“İman ve Yaşama Üslubu”na bir takdim yazısı yazan Said Başer, “Şiir ve Edebiyat Sohbetleri’ni yayınladıkları zaman, Banarlı’nın yazılarının ancak bu kadar olduğunu zannettiklerini, diğer yazılarının sonraki yıllarda tesbit edilebildiğini” söylüyor ve şöyle devam ediyor:
“Banarlı’ nın dünyasına girmek demek, bir bakıma Türklüğü, kültürümüzü onun gözüyle yeniden tanımak demekti. Dolayısıyla uzun zaman bu yazılardaki mana aleminin dışında kaldık.
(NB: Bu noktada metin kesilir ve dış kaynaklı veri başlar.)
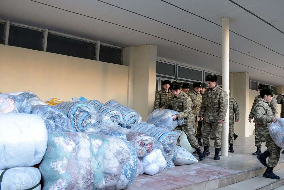 Savunma Bakanlığı'nın organizasyonu ile Azerbaycan ordusu askerleri ve ailelerinin kardeş ülkede depremzedelere yardım etmeleri için ilgili askeri birliklerde yardım toplama noktaları oluşturuldu. Askerler ve aileleri tarafından gönüllü olarak getirilen giysi ve gıda ürünleri, belirlenen noktalarda toplanarak tırlarla Türkiye'ye gönderildi.
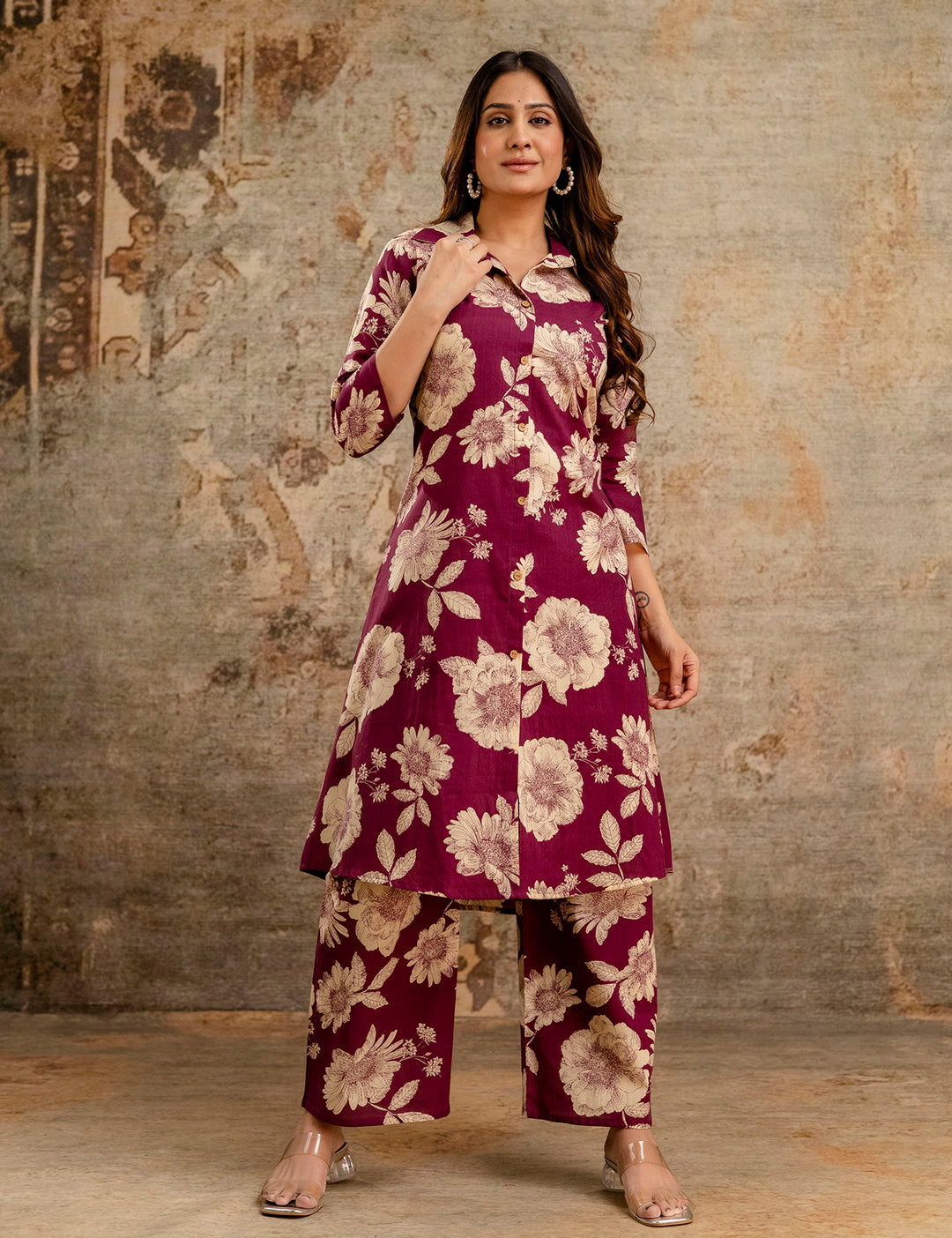 • Rich Purple Shade with Elegant Print• Smart Collared Kurta Design• Comfortable 3/4 Sleeves
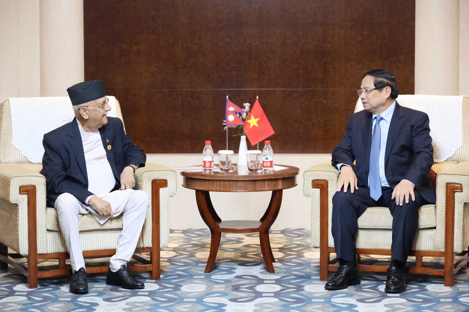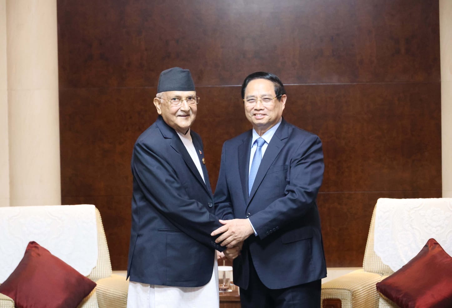 काठमाडौँ । प्रधानमन्त्री केपी शर्मा ओली र समाजवादी गणतन्त्र भियतनामका प्रधानमन्त्री फाम मिन चिङबीच चीनको थियानजिनमा दुईपक्षीय भेटवार्ता भएको छ ।
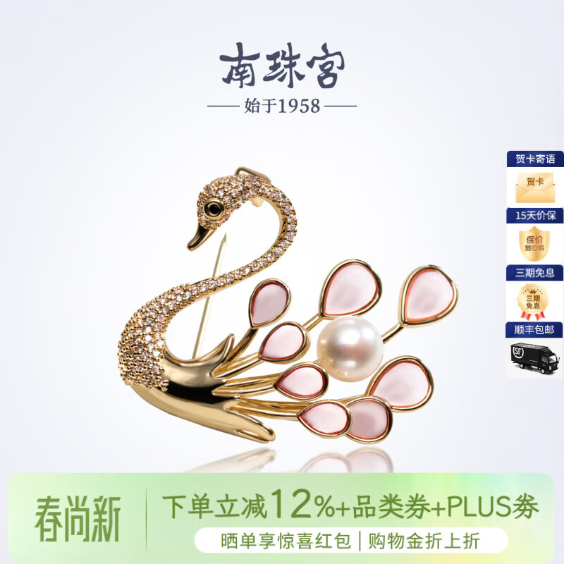 南珠宫天鹅淡水珍珠胸针优雅百搭年轻款生日礼物送女友H107D-J 8.0-9.0mm

Hemen hepsini defalarca okumamıza rağmen, her biri mürekkep bir tefekkür mahsulü olan bu yazıları ne türlü tasnife tabi tutmak gerektiğine karar veremedik.
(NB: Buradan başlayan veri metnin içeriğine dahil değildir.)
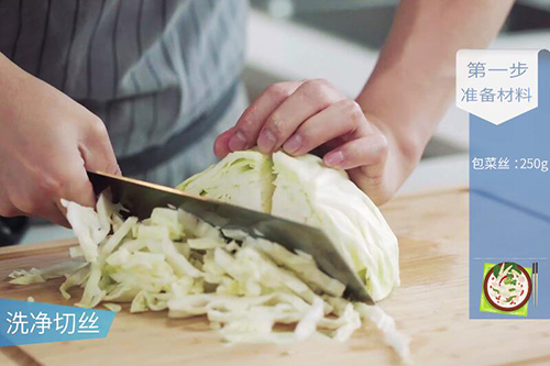 1.包菜洗净切丝;
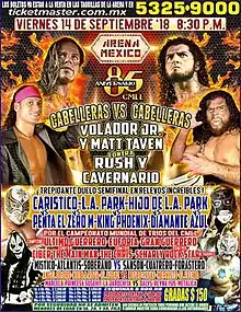 | 6 | Rush and Bárbaro Cavernario defeated Matt Taven and Volador Jr. | Best two-out-of-three falls tag team Lucha de Apuestas, hair vs. hair match[9] | 23:04 |
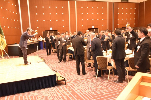 総会終了後の懇親会には、都遊協の阿部恭久理事長やユニバーサルエンターテインメントの長谷川崇彦部長らが臨席。
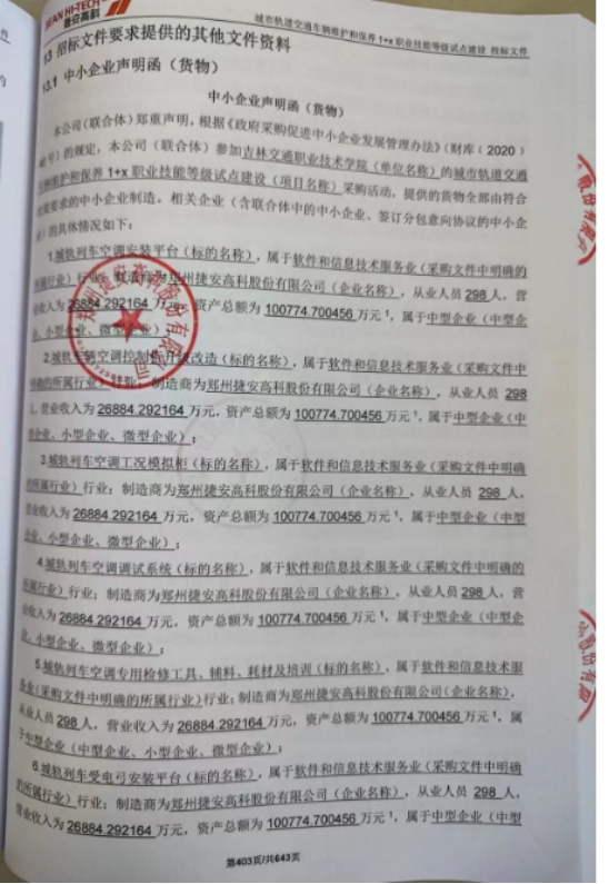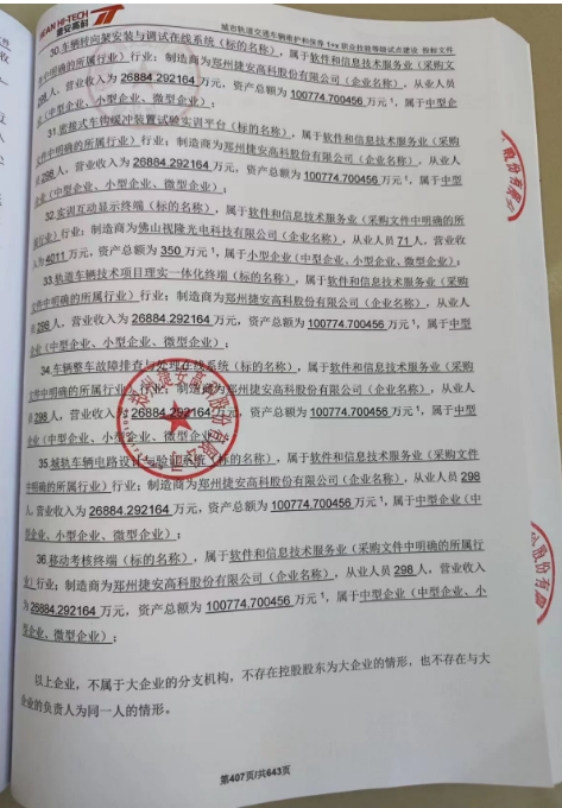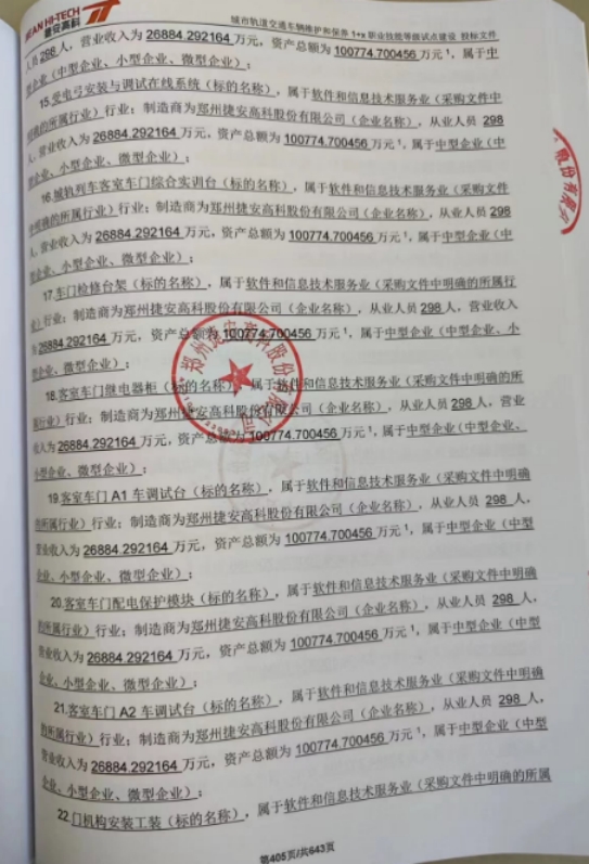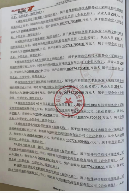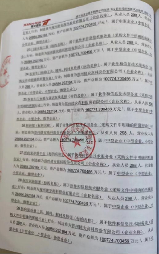 供应商名称:郑州捷安高科股份有限公司

“Birçok tasnif denemesinden sonra gördük ki, bu yazılar, belli bir fikir ve iman kompozisyonunun zaman içine serpiştirilmiş parçaları gibiydiler. Mesela 1946’da yazılmış bir gazette fıkrası, 1970’lerde kaleme alınmış diğer bir makaleye giriş hüviyetinde idi. Topluca söylendiği takdirde zamanın otoriter rejimini huylandıracak fikirler, parça parça, tedirginlik uyandırmadan ifade edilmişIerdi(… ) Muhtelif konulardaki bu yazıları mevzularına göre ayırıp, hazırlanan kitaplarda yazılış sırasıyla vermek mümkündü. Ancak Milli Şef devri, 1960 ihtilali gibi devirlerde, Nihad Sami Bey, yazılarında söyleyeceğini yine söylüyor ama meseleleri sondan başa doğru da işleyebiliyordu. Eğer kitaplar yazıların tarih sırasına gore düzenlenselerdi, kitaplarda Işlenen fikirlerin insicamı bozulabilirdi.”
“Iman ve Yaşama Üslubu”nda da yazılar, yazılış tarihlerine göre değil, muhteva bakımından birbirini tamamlayacak şekilde sıralanmış. Eser beş bölümden meydana geliyor: “İman ve Taassub”, “Din Terbiyesi ve Sanat”, “Yaşama ÜsIubumuz”, “İnkar Hastalığı” ve “Uyanmaya Dair”.
Merhum Banarlı’nın bu son kitabı için, Yahya Kemal’in iman anlayışının bir tefsiridir denilebilir.